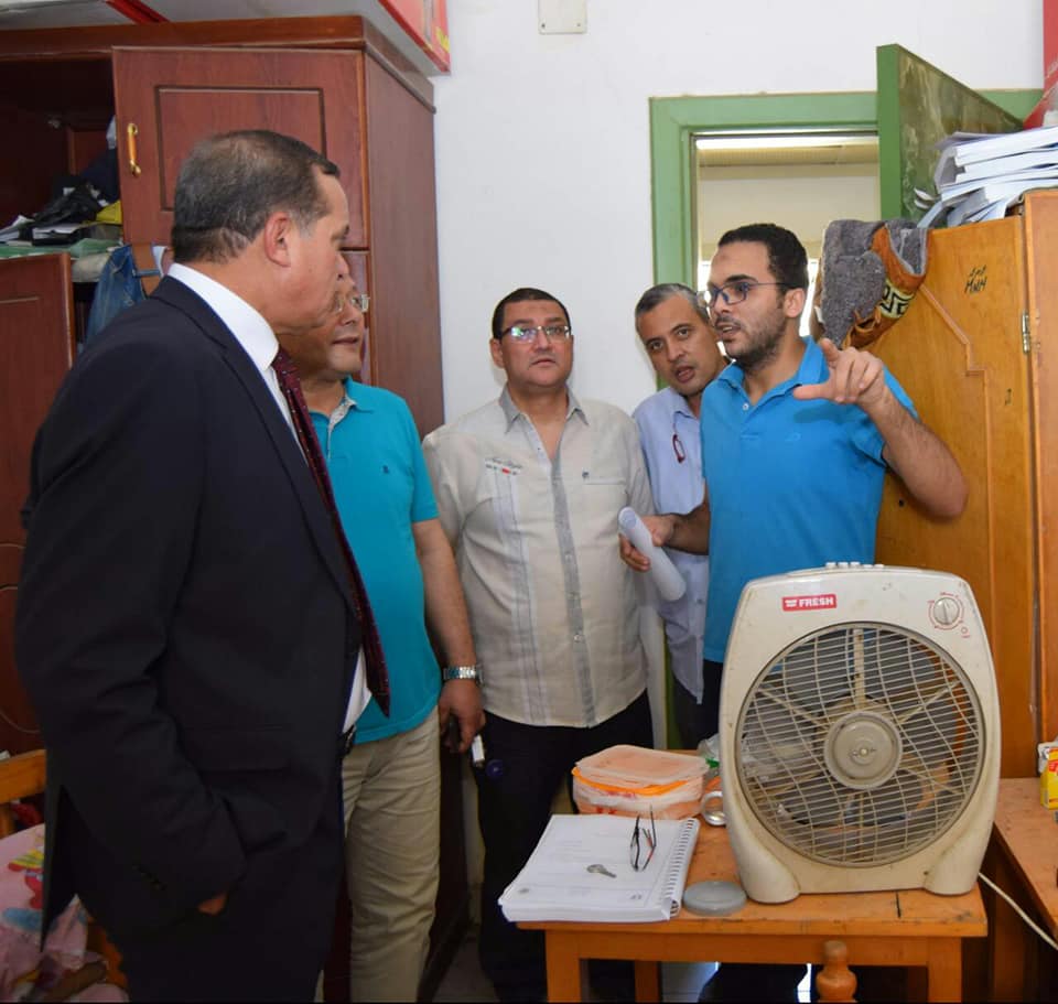 واصدر الدكتور احمد عزيز خلال جولته تعليماته بتجهيز غرف الاستراحة باجهزة التكييف، وتوفير المراوح للتهوية، واجراء عمليات الصيانه وغير ذلك من التجهيزات التي تتيح اقامه جيدة للاطباء، وذلك من اجل تهيئة المناخ المناسب لهم ، بالاضافه الي توفير اجهزة للتهوية داخل عنابر المرضي بالقسم المجاني والاستقبال.
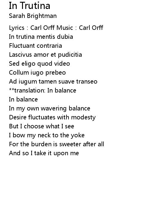 | Lyrics: Carl Orff Music: Carl Orff | |
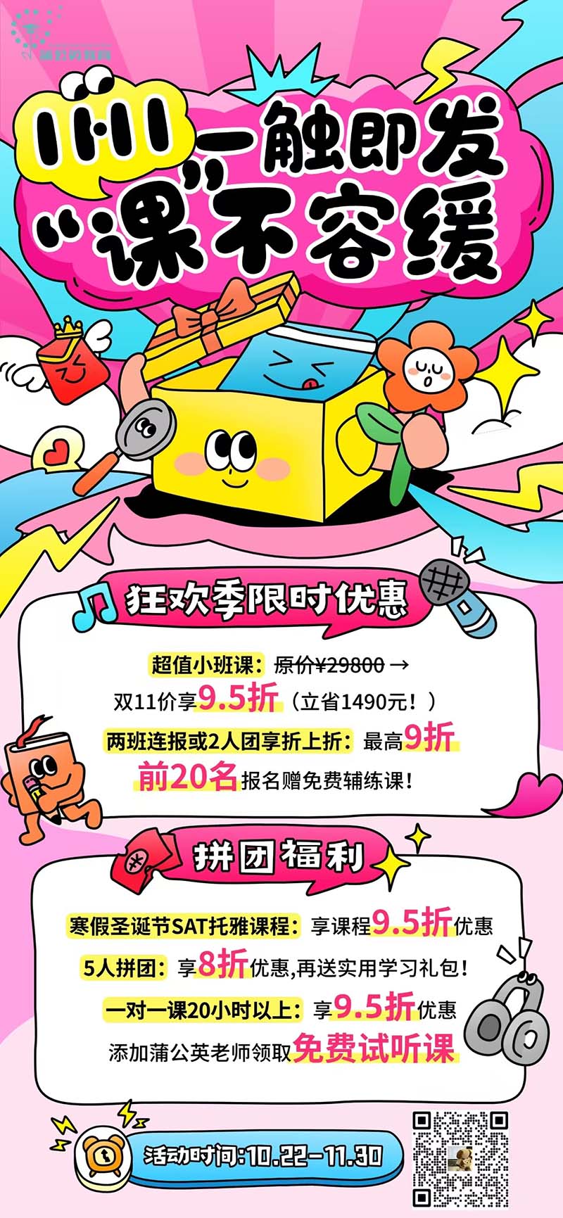 教师是从各个方面唤醒和启发孩子的优势和潜能,蒲公英教育秉承这个理念致力于为国内的中学生海外学习提供所需的标准化学术水平考试和语言能力考试培训,包括SAT/ 托福/小托福/雅思等。
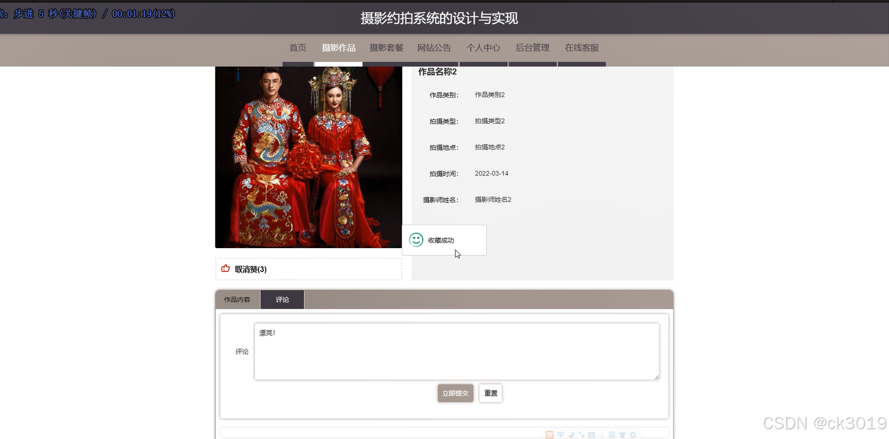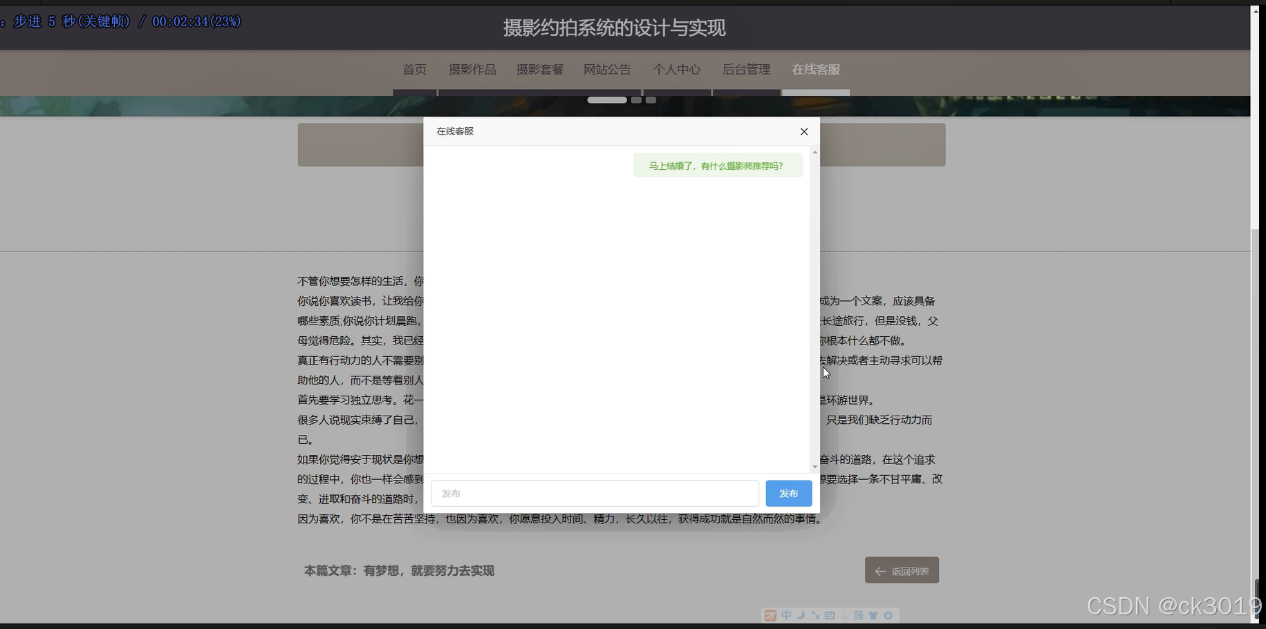 随着互联网技术的不断发展和人们审美需求的提升,摄影作为一种记录生活、表达情感的艺术形式,越来越受到大众的喜爱。然而,传统摄影服务受限于地域、信息不对称等因素,摄影师难以找到合适的拍摄对象,而需求方也难以快速匹配到符合期望的摄影师。为了打破这一壁垒,设计并实现一个基于SpringBoot的摄影约拍系统具有重要意义。该系统通过网络平台将摄影师与拍摄需求方有效连接起来,提供线上预约、交流、下单等服务,实现摄影服务的便捷化、高效化,满足市场多元化、个性化的需求。
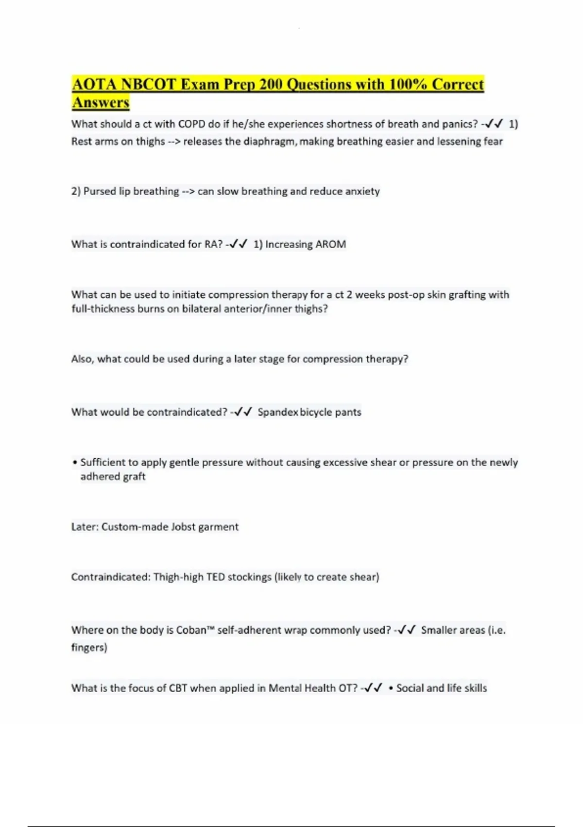 AOTA NBCOT Exam Prep 200 Questions with 100% Correct Answers AOTA NBCOT Exam Prep 200 Questions with 100% Correct Answers
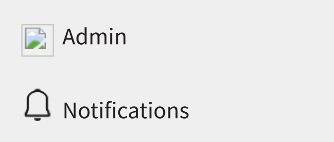 The screenshot below shows two menu items displayed as part of the Main Menu on a web application built using the ComUnity Development Toolkit. During navigation configuration the Icon for the Admin link was not selected during development, so it is displayed as a broken image before the link name, whereas for the Notifications menu item, a bell icon was selected.

═══

== EXERCISE GOAL ==
From the line containing "随着互联网技术的不断发展和人" through the last line of the entries, copy each line exactly and only those, skipping all pictures.

== THE ANSWER ==
 随着互联网技术的不断发展和人们审美需求的提升,摄影作为一种记录生活、表达情感的艺术形式,越来越受到大众的喜爱。然而,传统摄影服务受限于地域、信息不对称等因素,摄影师难以找到合适的拍摄对象,而需求方也难以快速匹配到符合期望的摄影师。为了打破这一壁垒,设计并实现一个基于SpringBoot的摄影约拍系统具有重要意义。该系统通过网络平台将摄影师与拍摄需求方有效连接起来,提供线上预约、交流、下单等服务,实现摄影服务的便捷化、高效化,满足市场多元化、个性化的需求。
 AOTA NBCOT Exam Prep 200 Questions with 100% Correct Answers AOTA NBCOT Exam Prep 200 Questions with 100% Correct Answers
 The screenshot below shows two menu items displayed as part of the Main Menu on a web application built using the ComUnity Development Toolkit. During navigation configuration the Icon for the Admin link was not selected during development, so it is displayed as a broken image before the link name, whereas for the Notifications menu item, a bell icon was selected.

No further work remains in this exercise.